# HOW TO COMPLETE THIS TASK
Starting from the top of the entries below and ending with the line containing "Zutaten Zutaten: Truthahnfleisch**, Palmfett, jodiertesb", restate every line word for word, pictures omitted.

(Items from a data source)
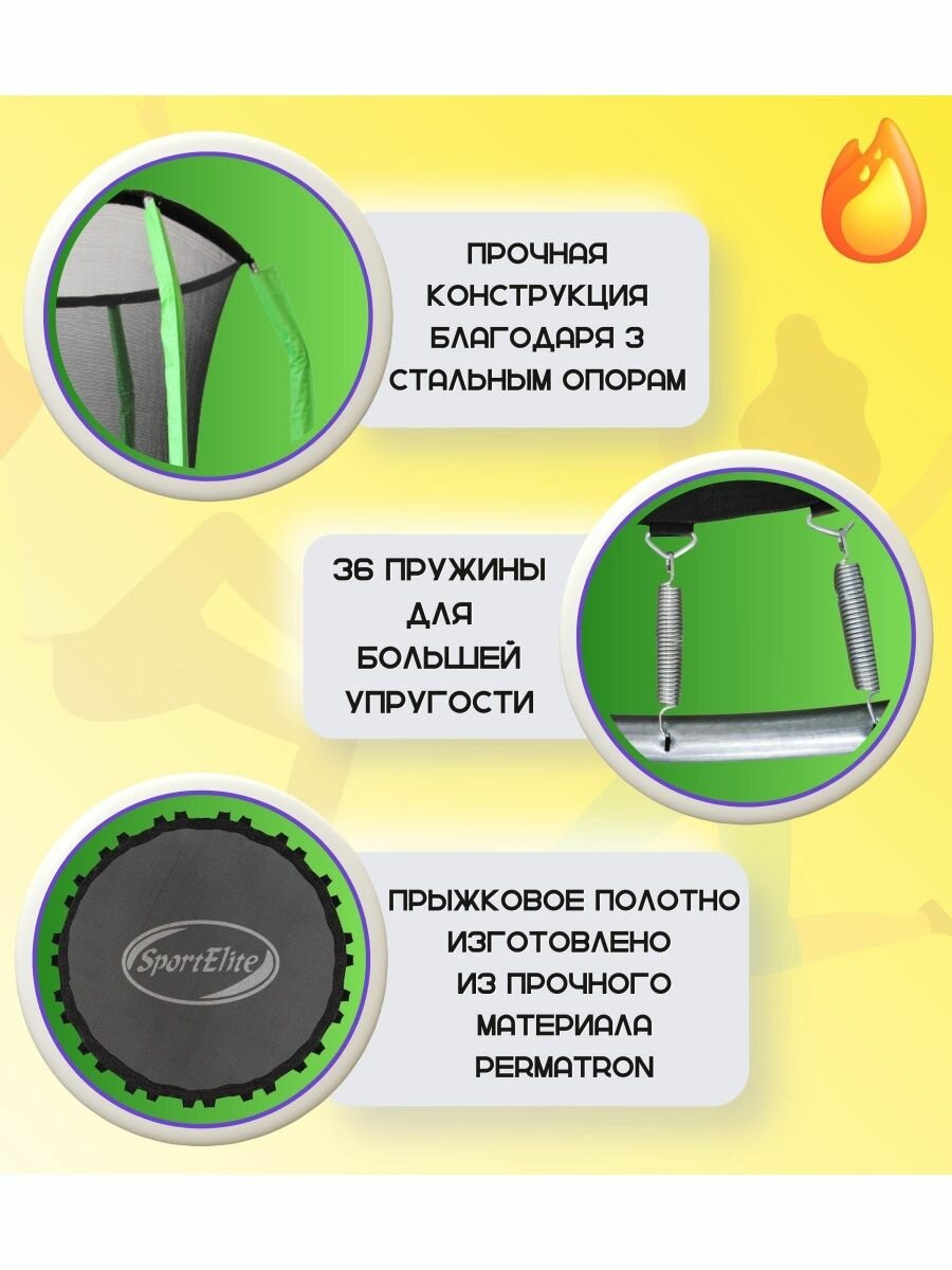 Батут SportElite фиберглас с защитной сеткой внутрь салатовый 6FT
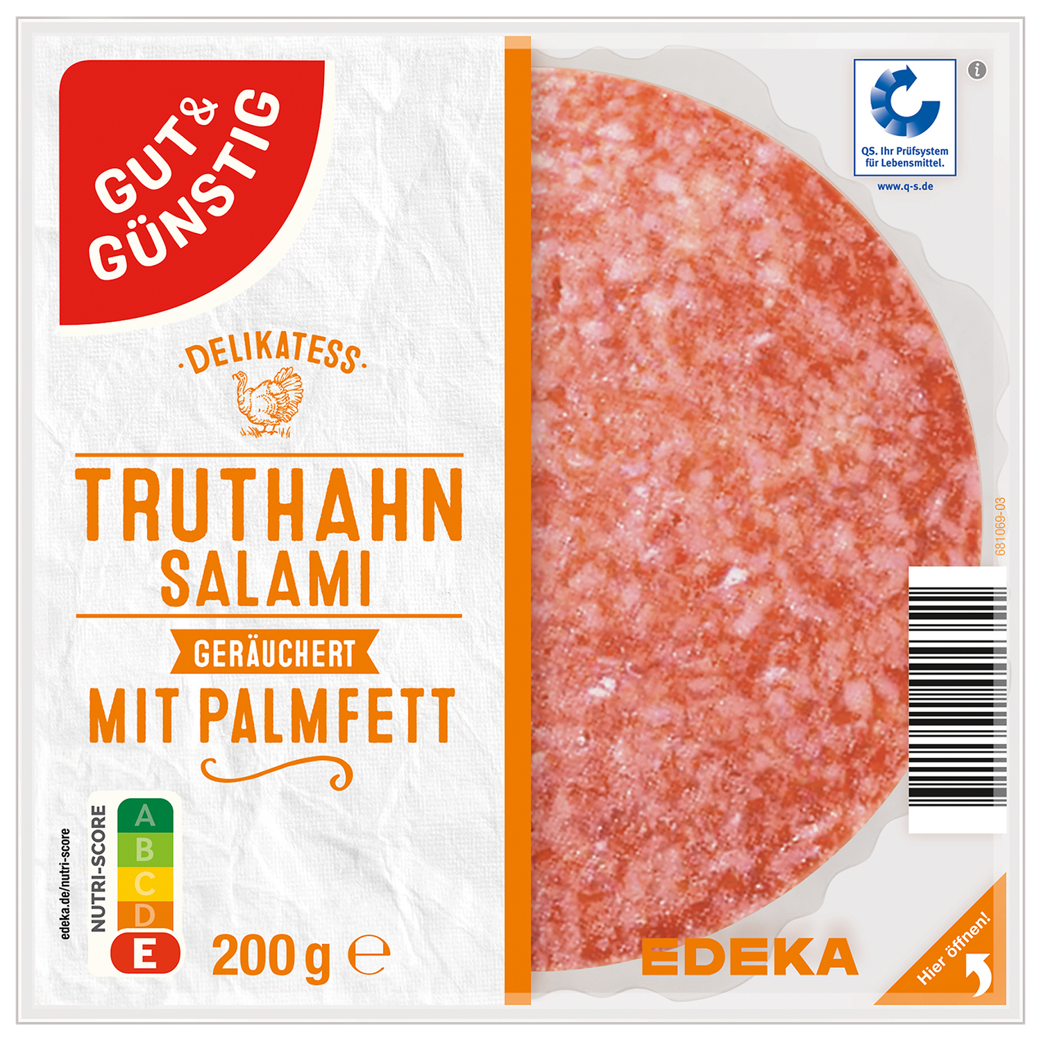 Zutaten Zutaten: Truthahnfleisch**, Palmfett, jodiertesb Speisesalz (Speisesalz, Kaliumiodat), Glukosesirup,b Gewürze, färbendes Rote Bete-Pulver, Dextrose, Gewürzextrakte, Antioxidationsmittel: Natriumascorbat; Konservierungsstoff: Natriumnitrit; Reifekulturen, Buchenholzrauch. 100g Truthahnsalami werden aus 113g Truthahnfleisch und 8g Palmfett hergestellt. **QS-Ware. Kann Spuren von SENF, SELLERIE und MILCH enthalten.
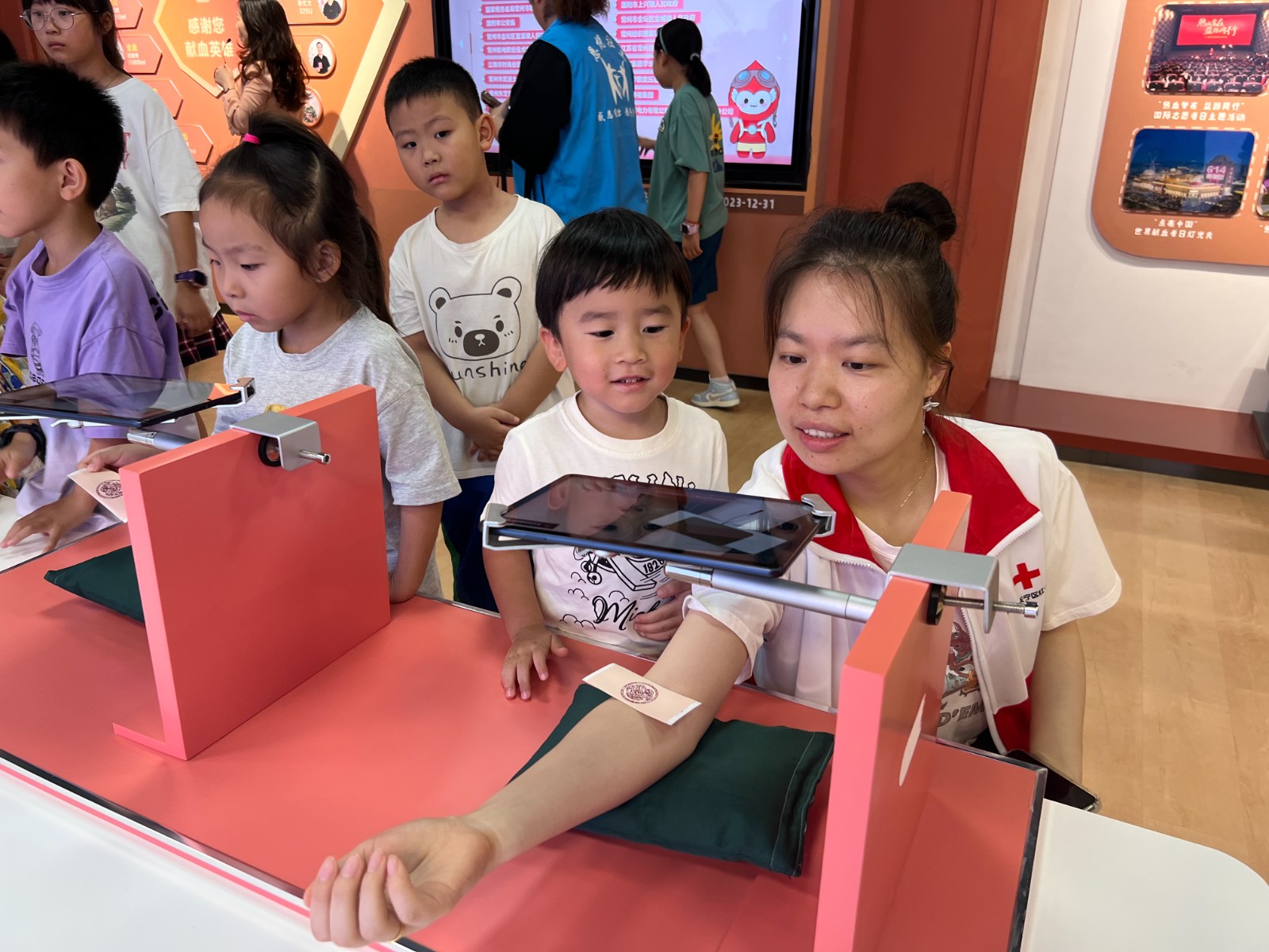 红十字志愿者详细地讲解,通过有趣的小游戏和显微镜下精密的观察,帮助青少年们进一步了解了什么是血液、血液的新陈代谢以及血型有哪几种,青少年们惊讶的发现,原来血型与性格之间也存在一定联系。在红十字志愿者的指导下,青少年们通过电脑模拟系统,亲身体验了献血的过程。屏幕中,面色苍白的女孩在他们的“热血”助力下恢复了健康,这一幕让青少年们深切感受到了无偿献血的意义和价值。
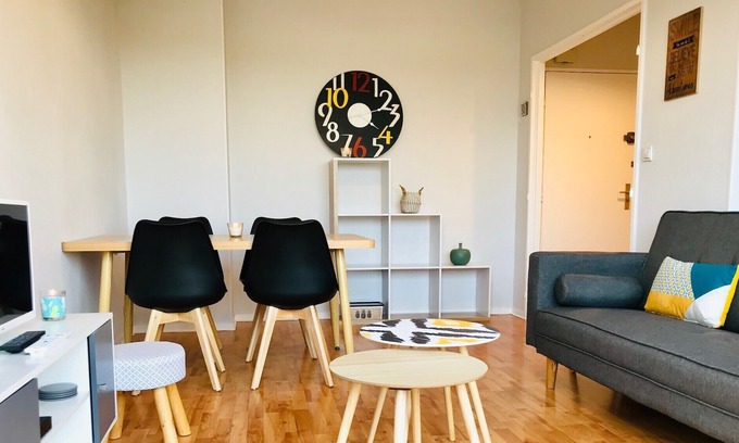 This charming studio of 32 m², can accommodate two people, furniture and decoration design and modern, the most is a balcony overlooking the famous Cathedral of Chartres. It is the ideal place to rest quietly after a day of discovery or work. The kitchen is independent and very functional; it is equipped with one, four, a kettle, a hob. The bathroom has a shower. This apartment is located on the 5th and last floor with elevator, a stone's throw from the city centre and the train station. Wifi is at your disposal in the apartment.
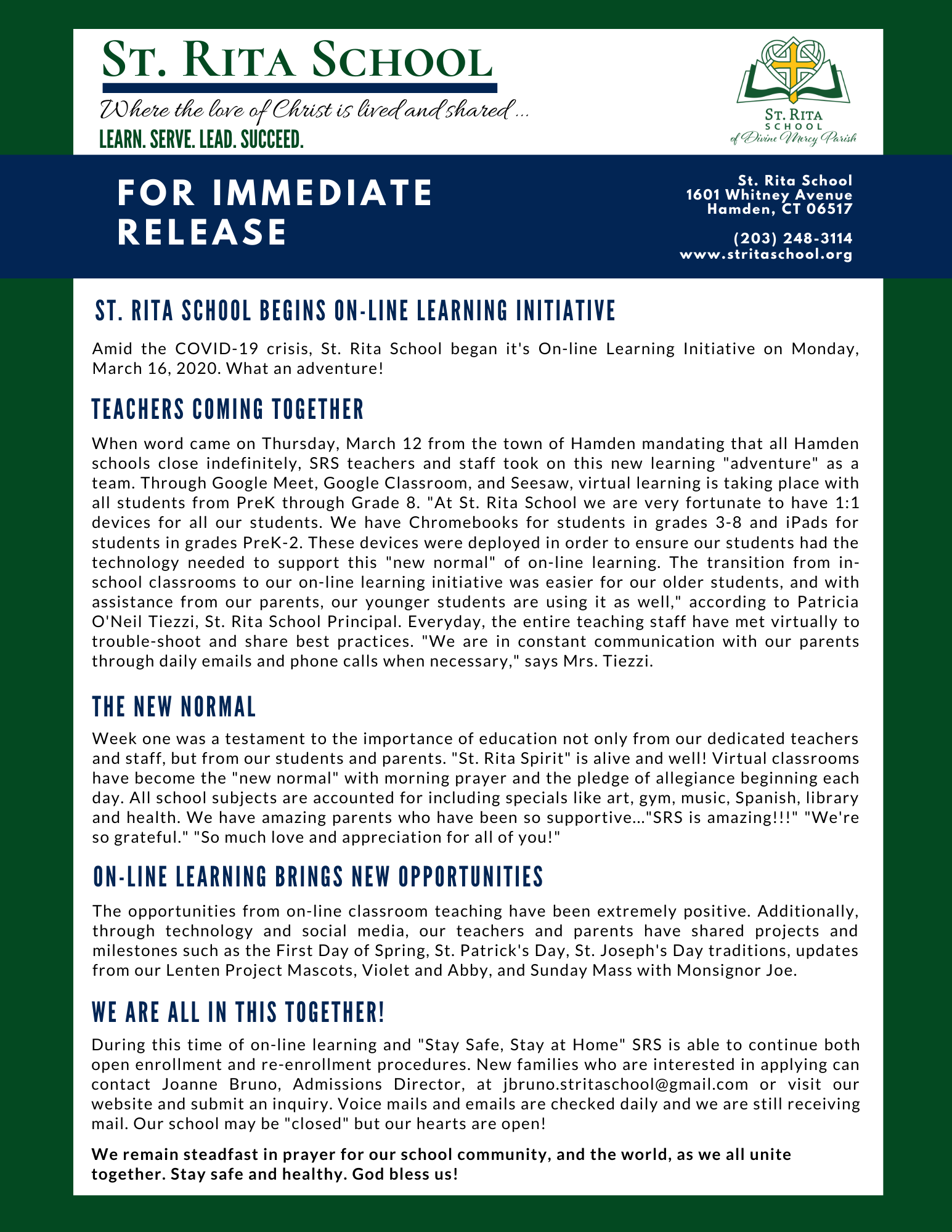 St. Rita School Gets an "A" for Their On-Line Learning Initiative

# ANSWER TO THIS TASK
 Батут SportElite фиберглас с защитной сеткой внутрь салатовый 6FT
 Zutaten Zutaten: Truthahnfleisch**, Palmfett, jodiertesb Speisesalz (Speisesalz, Kaliumiodat), Glukosesirup,b Gewürze, färbendes Rote Bete-Pulver, Dextrose, Gewürzextrakte, Antioxidationsmittel: Natriumascorbat; Konservierungsstoff: Natriumnitrit; Reifekulturen, Buchenholzrauch. 100g Truthahnsalami werden aus 113g Truthahnfleisch und 8g Palmfett hergestellt. **QS-Ware. Kann Spuren von SENF, SELLERIE und MILCH enthalten.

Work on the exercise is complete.